Poetry

To Nature’s Woes: A Lament for the Dying Earth

Oh, cruel fate, that doth so cruelly harm

Our fragile earth, so bountiful and fair.

Thy scorching sun doth raise the oceans’ arm,

And floods the land with salt and bitter air.

                                                       

The forests fall, the rivers dry, the sands

Do shift and change, and all the creatures flee.

The skies are choked with smoke and dust and sands,

And all is lost in thy malignity.

                                                       

The cities swelter in the heat, the poor

Are crushed beneath the weight of want and woe.

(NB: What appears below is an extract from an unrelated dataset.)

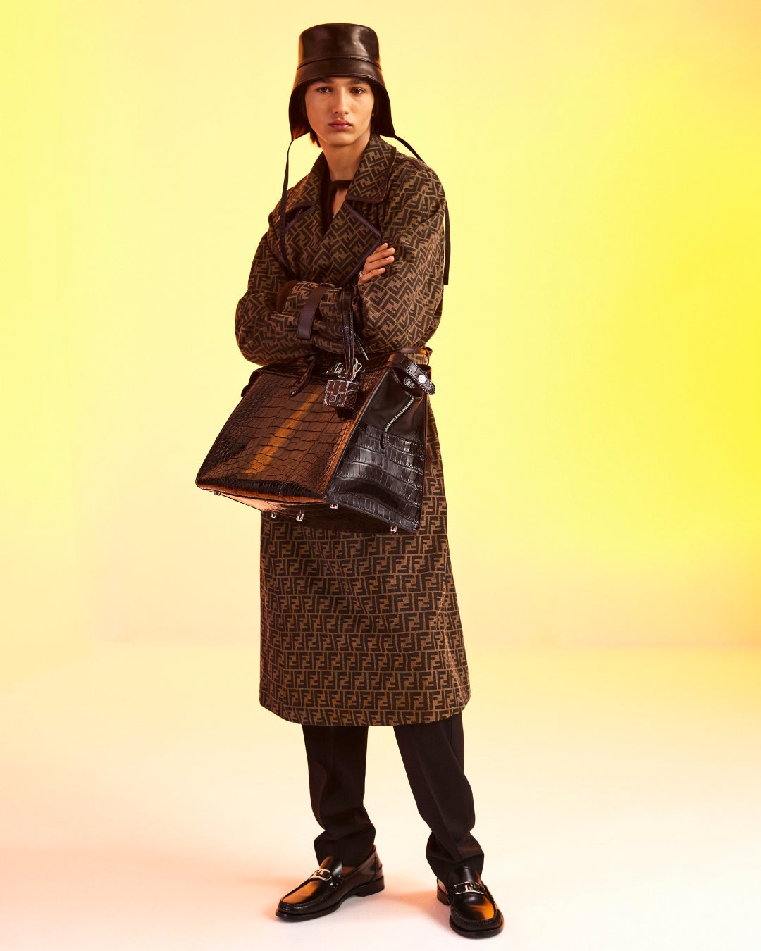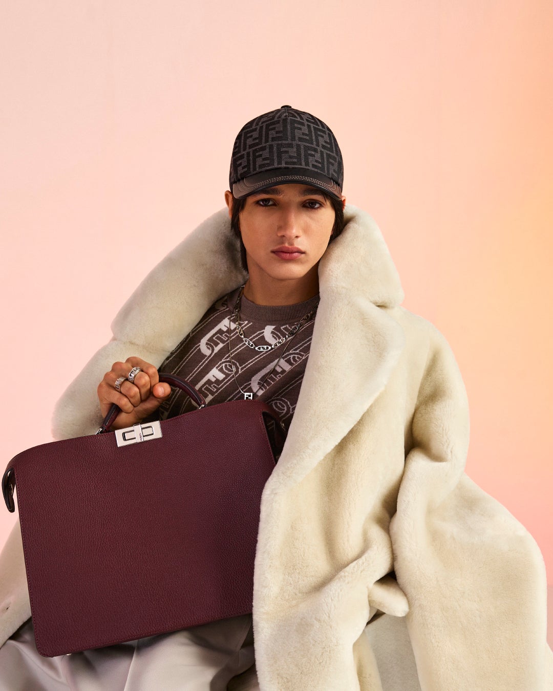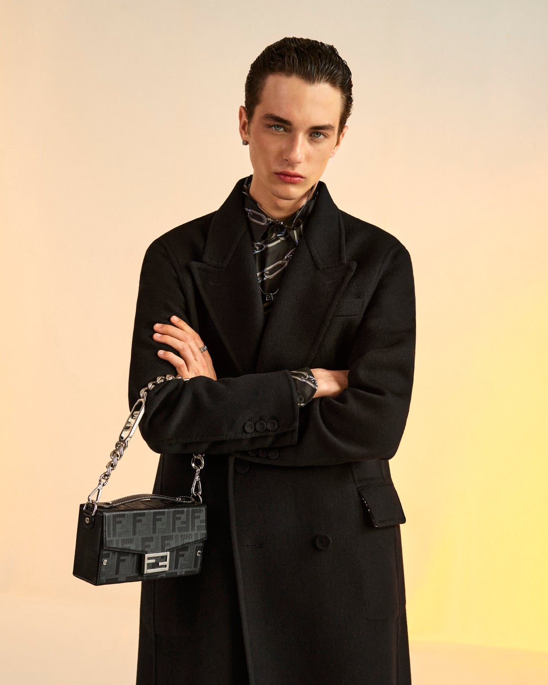 ノスタルジックなフットウェアには、スカラップトリムのパテント オーロック ローファーや、ツートンカラーのウィングチップチェルシーブーツ、腕時計のストラップで留めるメリージェーンブローグなどがラインナップし、新作のスニーカーはダイナミックなストレッチの「FF」ロゴを特徴としています。「ピーカブー(Peekaboo)」バッグは、無地のなめらかなグレインレザーに「FF」ロゴのパネルをあしらったラージサイズのかっちりとしたショッパーが登場。今シーズンを象徴するヴィシーチェックウールを配し、「ピーカブー フォーティエイト(Peekaboo Forty8)」と名づけました。「バゲット(Baguette)」は、大きな「FF」を型押ししたソフトトランクと、小さくしたエキゾチックなミニチュアチェーンバッグをそろえています。世界初の試みとして、暗号通貨とデジタル資産のためのデジタルハードウェアウォレットとして、世界をリードする「レジャー ナノ X(LEDGER Nano X)」のために、オーロック モチーフとバゲットのデザインを併せ持つラグジュアリーなテックアクセサリーが誕生しました。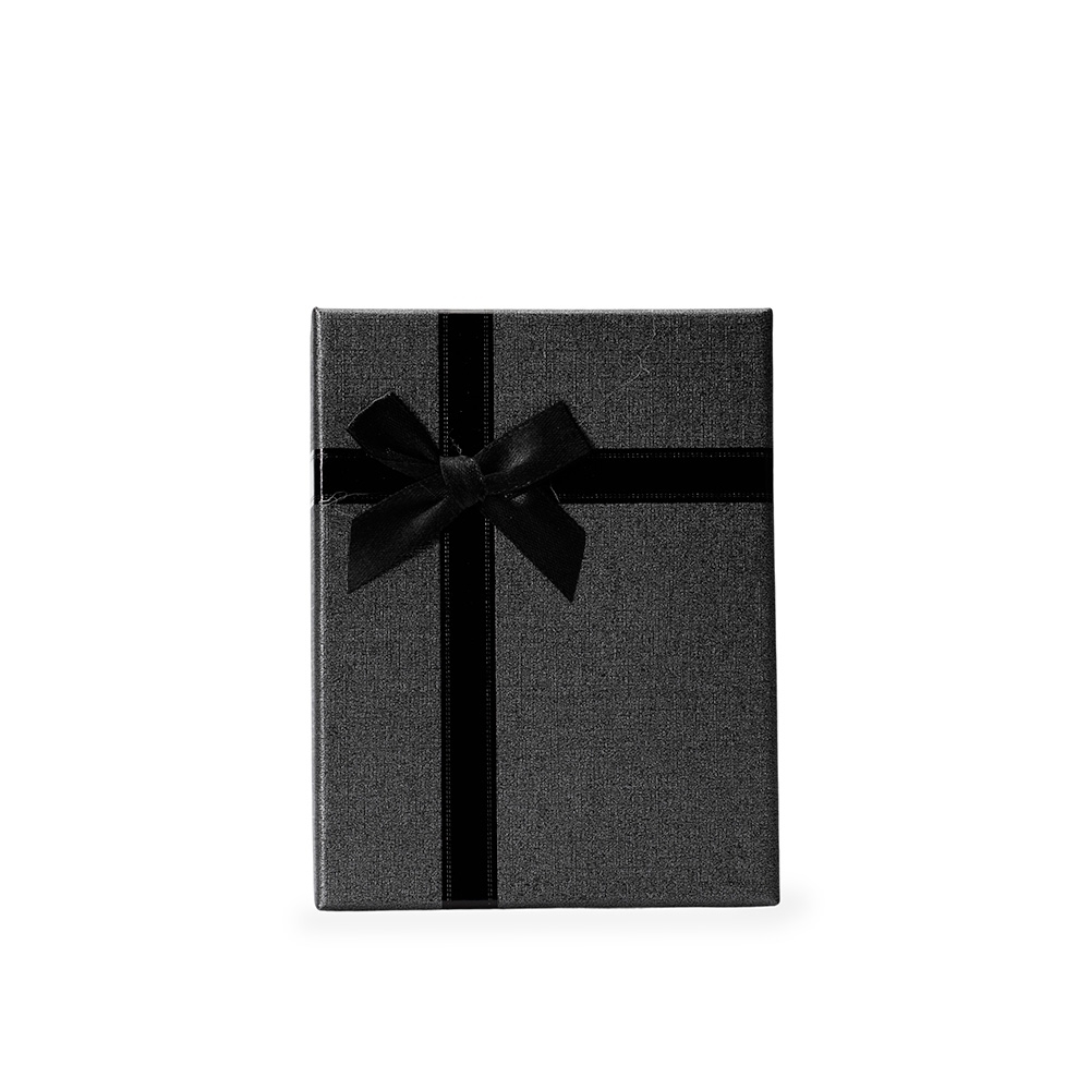 Caixa para presente feita em papelão com acabamento levemente texturizado e laço decorativo colado diretamente na tampa. Conta ainda com berço removível em espuma com ranhuras.

The rich do mock them, and do nothing more

Than sit and watch the world they helped to sow.

                                                       

But hark! The voice of Nature doth cry out

In rage and sorrow, and doth all about

Call on the guilty to repent and mend

Their ways before it is too late, and all

Is lost forever in the fiery end.

                                                       

Oh, let us take heed, and do all we can

To heal the wounds that we have made, and ban

The use of fossil fuels that doth destroy

Our earth, and all the creatures it employs.

                                                       

For if we do not act, and act soon,

We’ll find ourselves in the eternal swoon

Of a world that’s dead, and we, its murderers,

Shall live on in the memory of the curse.